**Directions:** Look through the records below for the line with "Jawatan Kosong Lembaga". Return that line and each one after it up to and including the line with "Durer, Albrecht (German, 1471-1528).", exactly.

**Exercise data:**
Segment Open
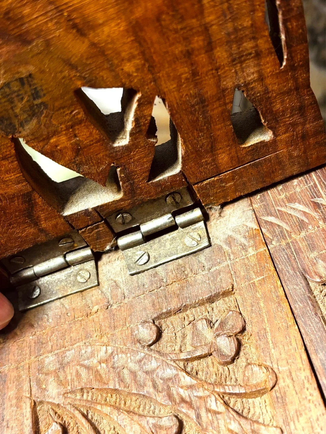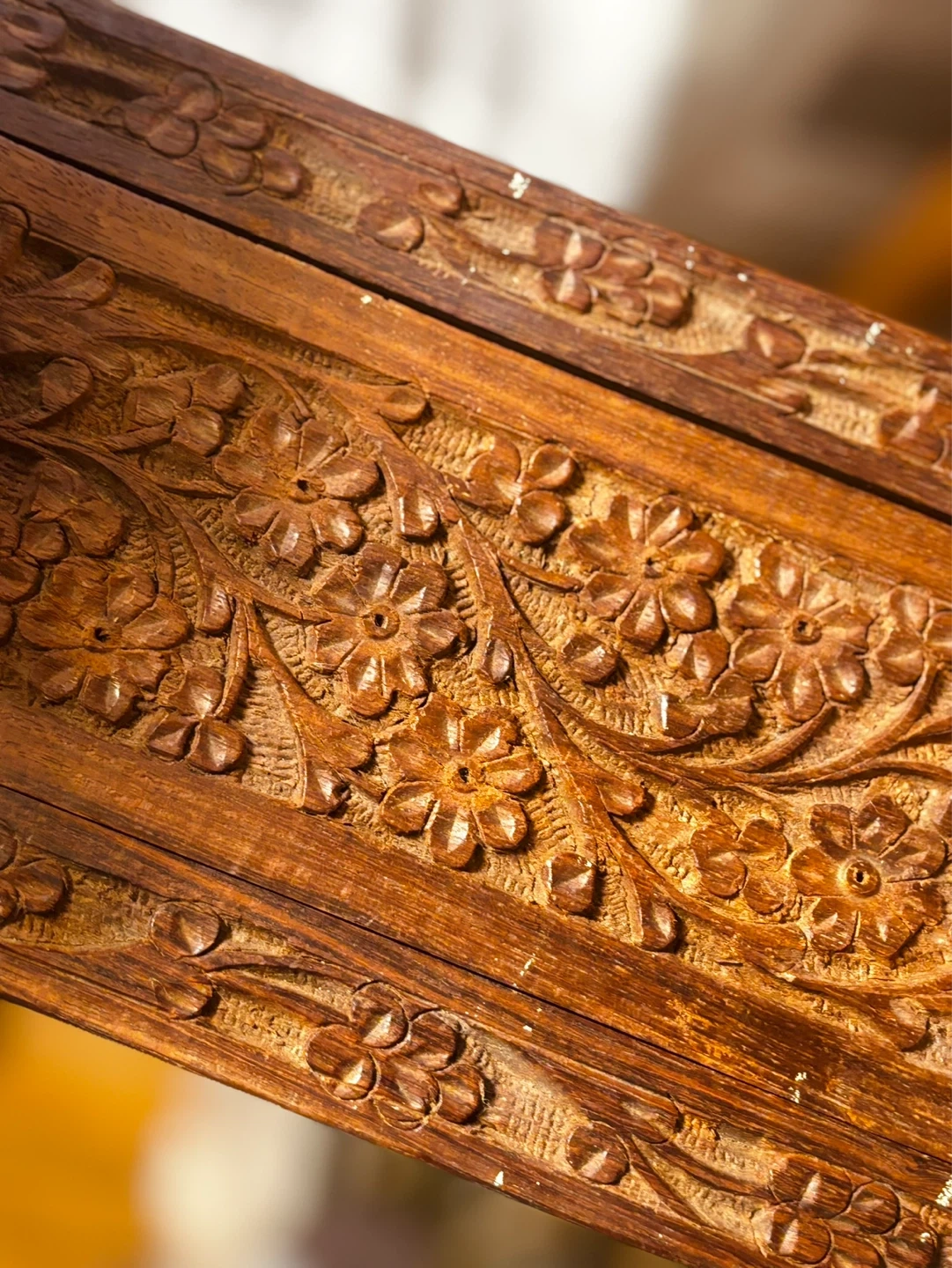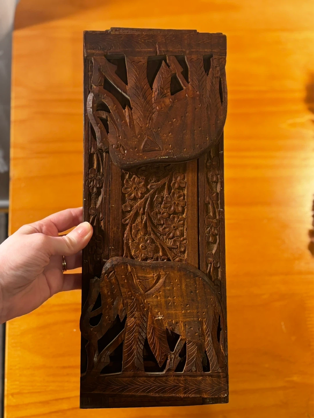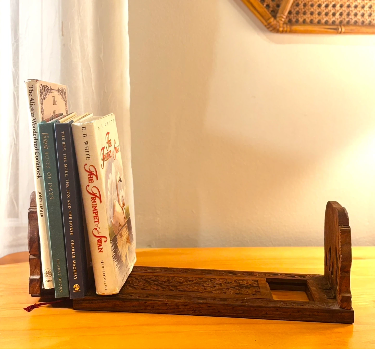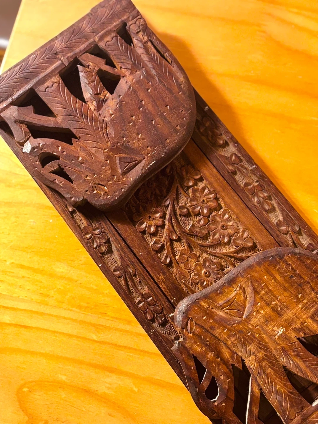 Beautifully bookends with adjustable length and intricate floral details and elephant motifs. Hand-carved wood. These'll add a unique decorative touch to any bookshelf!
Segment Closed
Segment Open
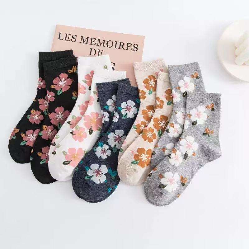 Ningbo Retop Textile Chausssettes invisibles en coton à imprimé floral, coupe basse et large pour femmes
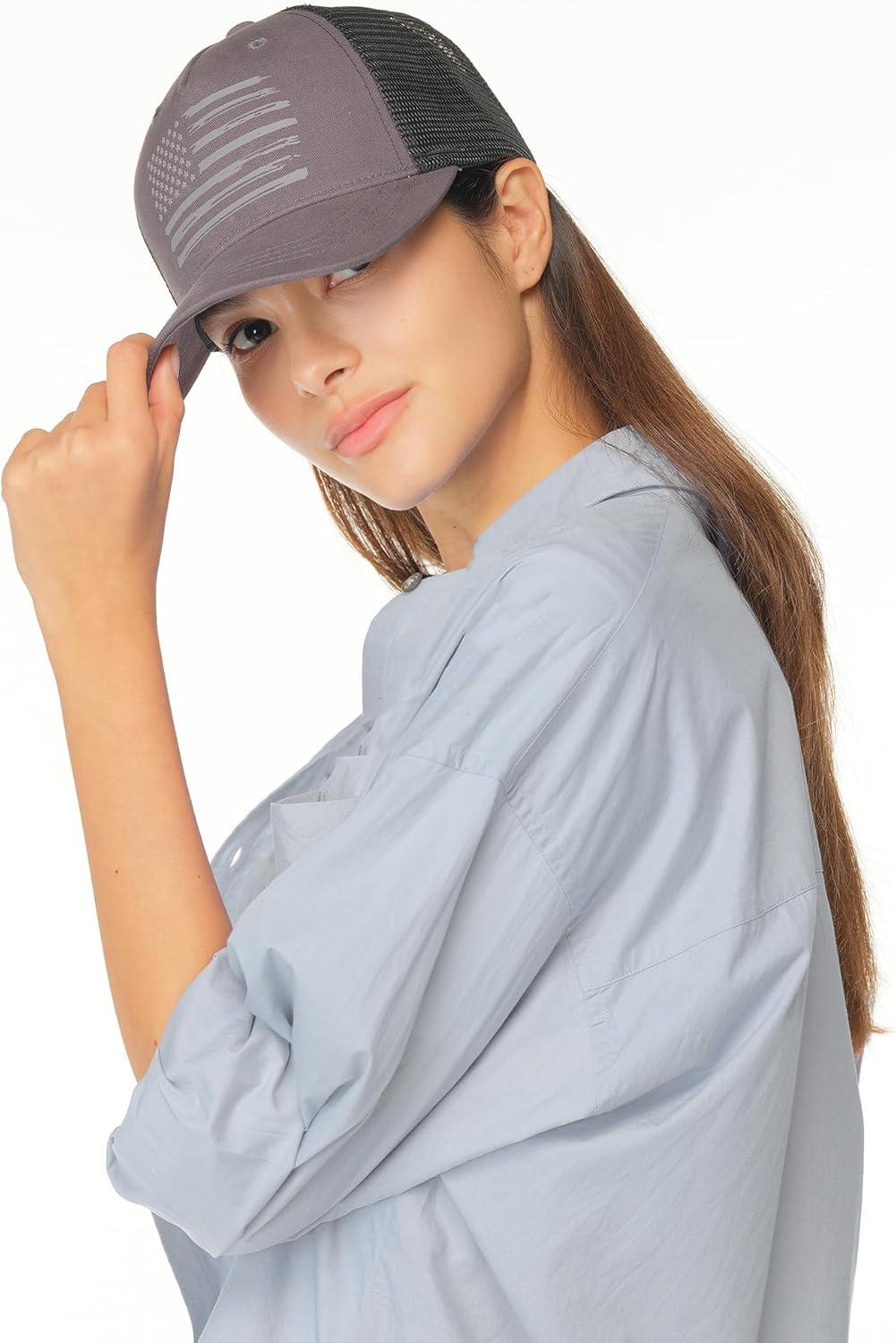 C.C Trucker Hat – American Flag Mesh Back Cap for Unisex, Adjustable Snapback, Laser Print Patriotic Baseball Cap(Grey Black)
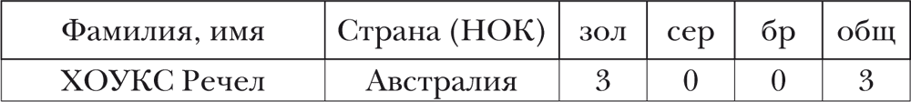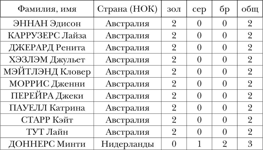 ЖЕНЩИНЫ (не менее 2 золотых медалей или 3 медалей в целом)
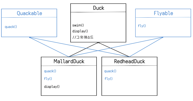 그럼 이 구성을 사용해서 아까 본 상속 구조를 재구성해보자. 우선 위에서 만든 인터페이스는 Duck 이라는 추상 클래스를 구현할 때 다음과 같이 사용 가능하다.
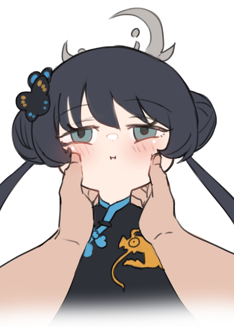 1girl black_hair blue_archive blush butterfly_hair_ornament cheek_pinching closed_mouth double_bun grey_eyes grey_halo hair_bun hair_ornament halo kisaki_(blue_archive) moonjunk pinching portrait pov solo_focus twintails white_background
Segment Closed
Segment Open
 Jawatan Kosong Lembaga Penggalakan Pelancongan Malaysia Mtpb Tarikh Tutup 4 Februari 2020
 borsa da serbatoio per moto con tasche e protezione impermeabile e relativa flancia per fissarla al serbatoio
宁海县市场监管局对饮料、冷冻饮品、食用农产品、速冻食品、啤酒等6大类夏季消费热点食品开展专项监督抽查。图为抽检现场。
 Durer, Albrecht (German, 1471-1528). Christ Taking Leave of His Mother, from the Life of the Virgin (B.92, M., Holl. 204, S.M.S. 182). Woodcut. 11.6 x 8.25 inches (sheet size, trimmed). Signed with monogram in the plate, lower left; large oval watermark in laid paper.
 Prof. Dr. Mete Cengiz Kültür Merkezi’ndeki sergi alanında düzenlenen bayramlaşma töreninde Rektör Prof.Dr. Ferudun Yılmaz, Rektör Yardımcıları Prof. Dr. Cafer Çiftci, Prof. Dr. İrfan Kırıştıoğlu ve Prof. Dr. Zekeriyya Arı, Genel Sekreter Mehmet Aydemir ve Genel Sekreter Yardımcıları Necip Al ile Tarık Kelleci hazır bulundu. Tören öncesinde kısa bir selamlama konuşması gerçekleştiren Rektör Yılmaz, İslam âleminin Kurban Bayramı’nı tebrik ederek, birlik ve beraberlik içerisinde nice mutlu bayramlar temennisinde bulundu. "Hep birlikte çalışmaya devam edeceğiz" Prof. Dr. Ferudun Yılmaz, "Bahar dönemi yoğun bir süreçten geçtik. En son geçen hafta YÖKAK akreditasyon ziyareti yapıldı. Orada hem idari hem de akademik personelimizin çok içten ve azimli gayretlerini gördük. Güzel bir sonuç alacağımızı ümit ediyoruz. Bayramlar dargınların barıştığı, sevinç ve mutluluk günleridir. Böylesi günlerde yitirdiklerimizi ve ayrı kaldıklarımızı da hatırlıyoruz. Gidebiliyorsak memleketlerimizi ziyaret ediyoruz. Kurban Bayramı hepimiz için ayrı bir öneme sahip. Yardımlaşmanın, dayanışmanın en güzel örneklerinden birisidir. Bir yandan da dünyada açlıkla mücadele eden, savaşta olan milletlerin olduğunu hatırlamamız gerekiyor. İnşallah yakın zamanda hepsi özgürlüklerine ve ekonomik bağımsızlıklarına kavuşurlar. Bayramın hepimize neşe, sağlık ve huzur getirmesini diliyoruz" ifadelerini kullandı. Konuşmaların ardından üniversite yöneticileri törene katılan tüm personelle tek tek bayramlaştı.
Segment Closed
**Response box:**
 Jawatan Kosong Lembaga Penggalakan Pelancongan Malaysia Mtpb Tarikh Tutup 4 Februari 2020
 borsa da serbatoio per moto con tasche e protezione impermeabile e relativa flancia per fissarla al serbatoio
宁海县市场监管局对饮料、冷冻饮品、食用农产品、速冻食品、啤酒等6大类夏季消费热点食品开展专项监督抽查。图为抽检现场。
 Durer, Albrecht (German, 1471-1528). Christ Taking Leave of His Mother, from the Life of the Virgin (B.92, M., Holl. 204, S.M.S. 182). Woodcut. 11.6 x 8.25 inches (sheet size, trimmed). Signed with monogram in the plate, lower left; large oval watermark in laid paper.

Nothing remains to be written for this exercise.